### EXERCISE
Take every record and write it out again exactly, with no images included.

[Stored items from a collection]
--

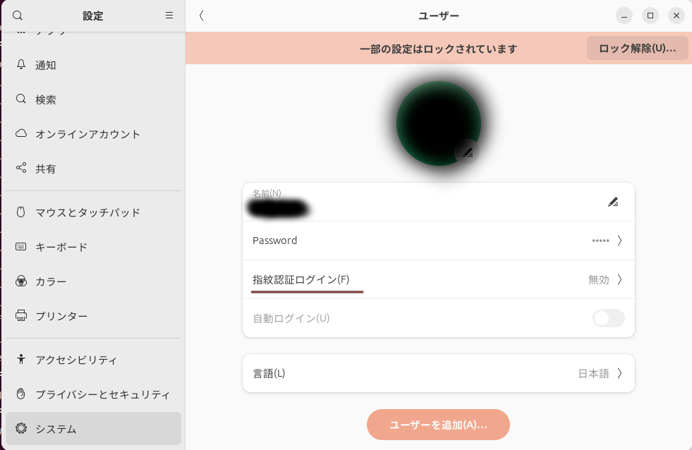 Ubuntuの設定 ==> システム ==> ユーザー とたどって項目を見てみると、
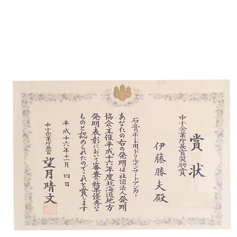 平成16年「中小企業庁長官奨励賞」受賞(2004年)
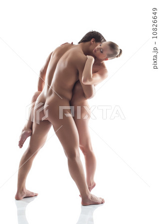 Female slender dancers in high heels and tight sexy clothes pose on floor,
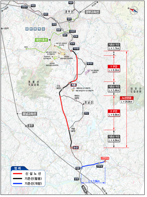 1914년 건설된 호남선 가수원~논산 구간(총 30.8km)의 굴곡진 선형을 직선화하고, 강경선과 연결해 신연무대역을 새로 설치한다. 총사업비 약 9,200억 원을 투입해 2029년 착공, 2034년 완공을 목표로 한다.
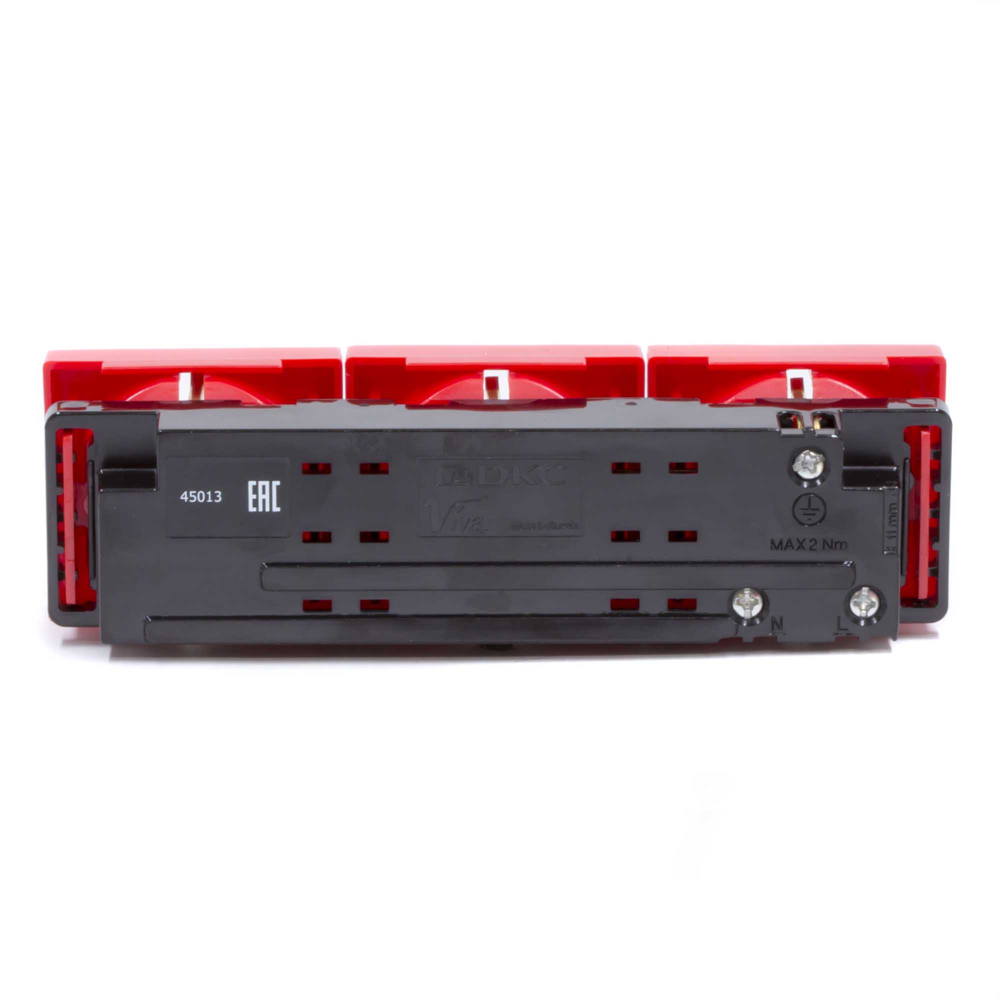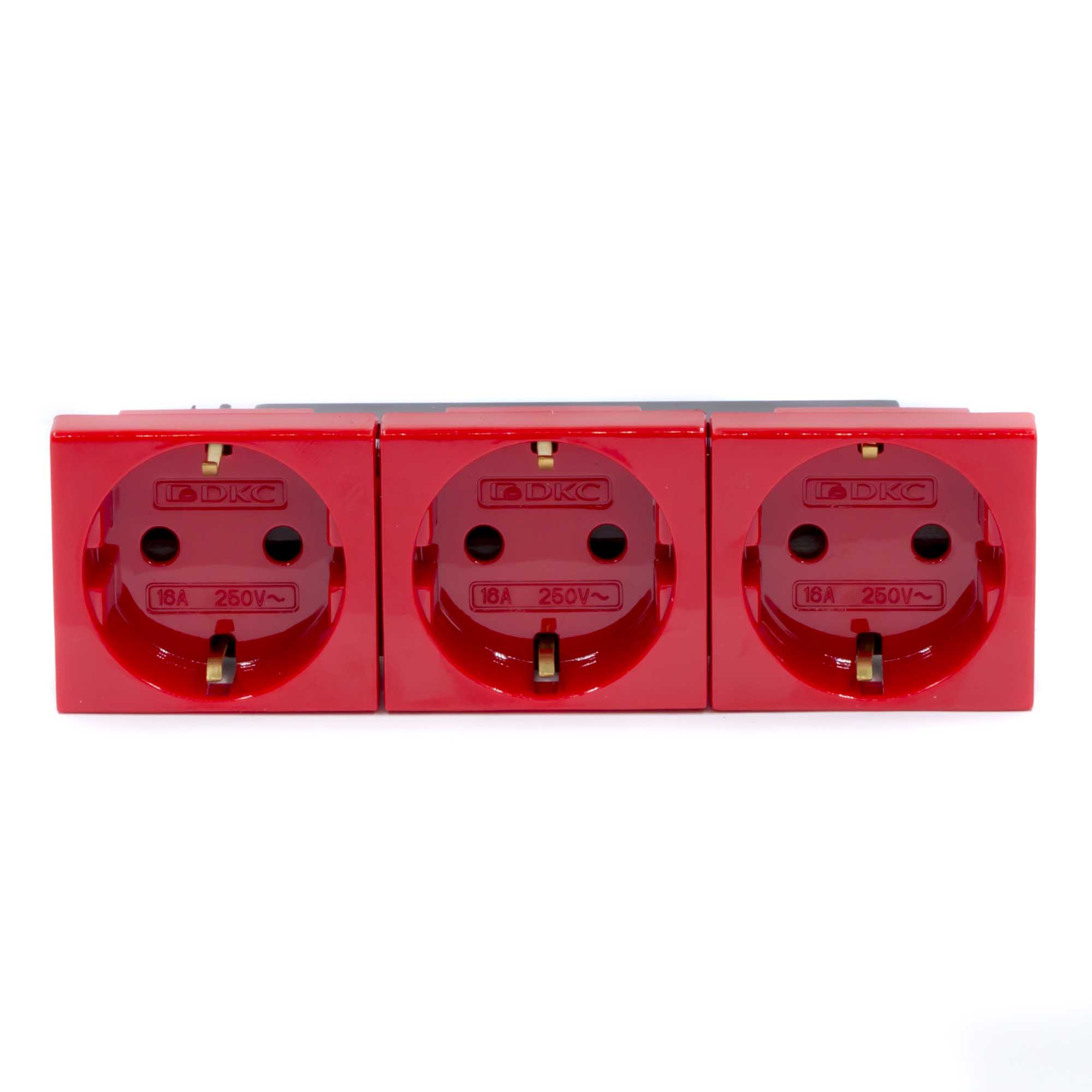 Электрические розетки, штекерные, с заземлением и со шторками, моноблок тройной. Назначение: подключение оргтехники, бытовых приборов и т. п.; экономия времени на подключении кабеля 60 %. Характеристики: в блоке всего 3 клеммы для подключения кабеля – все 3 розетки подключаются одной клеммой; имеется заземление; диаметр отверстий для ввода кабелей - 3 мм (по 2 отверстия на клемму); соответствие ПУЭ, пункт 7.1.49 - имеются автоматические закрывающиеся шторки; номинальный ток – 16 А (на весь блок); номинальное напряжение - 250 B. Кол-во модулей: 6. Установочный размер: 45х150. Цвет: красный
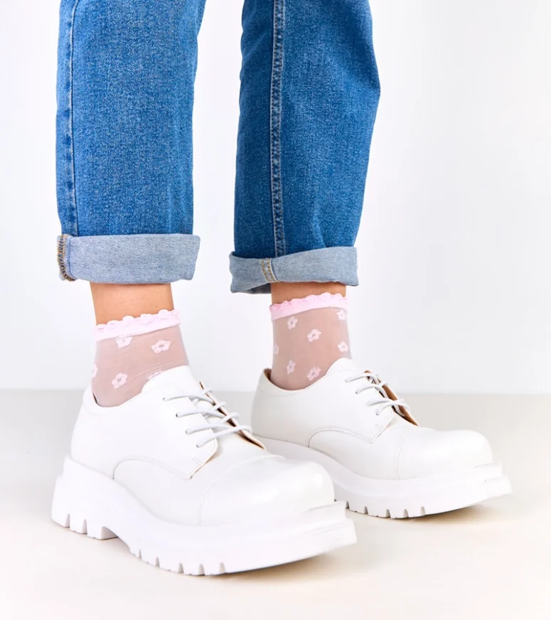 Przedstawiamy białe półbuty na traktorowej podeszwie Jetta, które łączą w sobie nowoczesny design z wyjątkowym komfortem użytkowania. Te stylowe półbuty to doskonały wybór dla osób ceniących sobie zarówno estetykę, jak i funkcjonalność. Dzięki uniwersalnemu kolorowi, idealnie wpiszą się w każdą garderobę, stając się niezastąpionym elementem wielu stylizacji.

--

### ANSWER AREA
 Ubuntuの設定 ==> システム ==> ユーザー とたどって項目を見てみると、
 平成16年「中小企業庁長官奨励賞」受賞(2004年)
 Female slender dancers in high heels and tight sexy clothes pose on floor,
 1914년 건설된 호남선 가수원~논산 구간(총 30.8km)의 굴곡진 선형을 직선화하고, 강경선과 연결해 신연무대역을 새로 설치한다. 총사업비 약 9,200억 원을 투입해 2029년 착공, 2034년 완공을 목표로 한다.
 Электрические розетки, штекерные, с заземлением и со шторками, моноблок тройной. Назначение: подключение оргтехники, бытовых приборов и т. п.; экономия времени на подключении кабеля 60 %. Характеристики: в блоке всего 3 клеммы для подключения кабеля – все 3 розетки подключаются одной клеммой; имеется заземление; диаметр отверстий для ввода кабелей - 3 мм (по 2 отверстия на клемму); соответствие ПУЭ, пункт 7.1.49 - имеются автоматические закрывающиеся шторки; номинальный ток – 16 А (на весь блок); номинальное напряжение - 250 B. Кол-во модулей: 6. Установочный размер: 45х150. Цвет: красный
 Przedstawiamy białe półbuty na traktorowej podeszwie Jetta, które łączą w sobie nowoczesny design z wyjątkowym komfortem użytkowania. Te stylowe półbuty to doskonały wybór dla osób ceniących sobie zarówno estetykę, jak i funkcjonalność. Dzięki uniwersalnemu kolorowi, idealnie wpiszą się w każdą garderobę, stając się niezastąpionym elementem wielu stylizacji.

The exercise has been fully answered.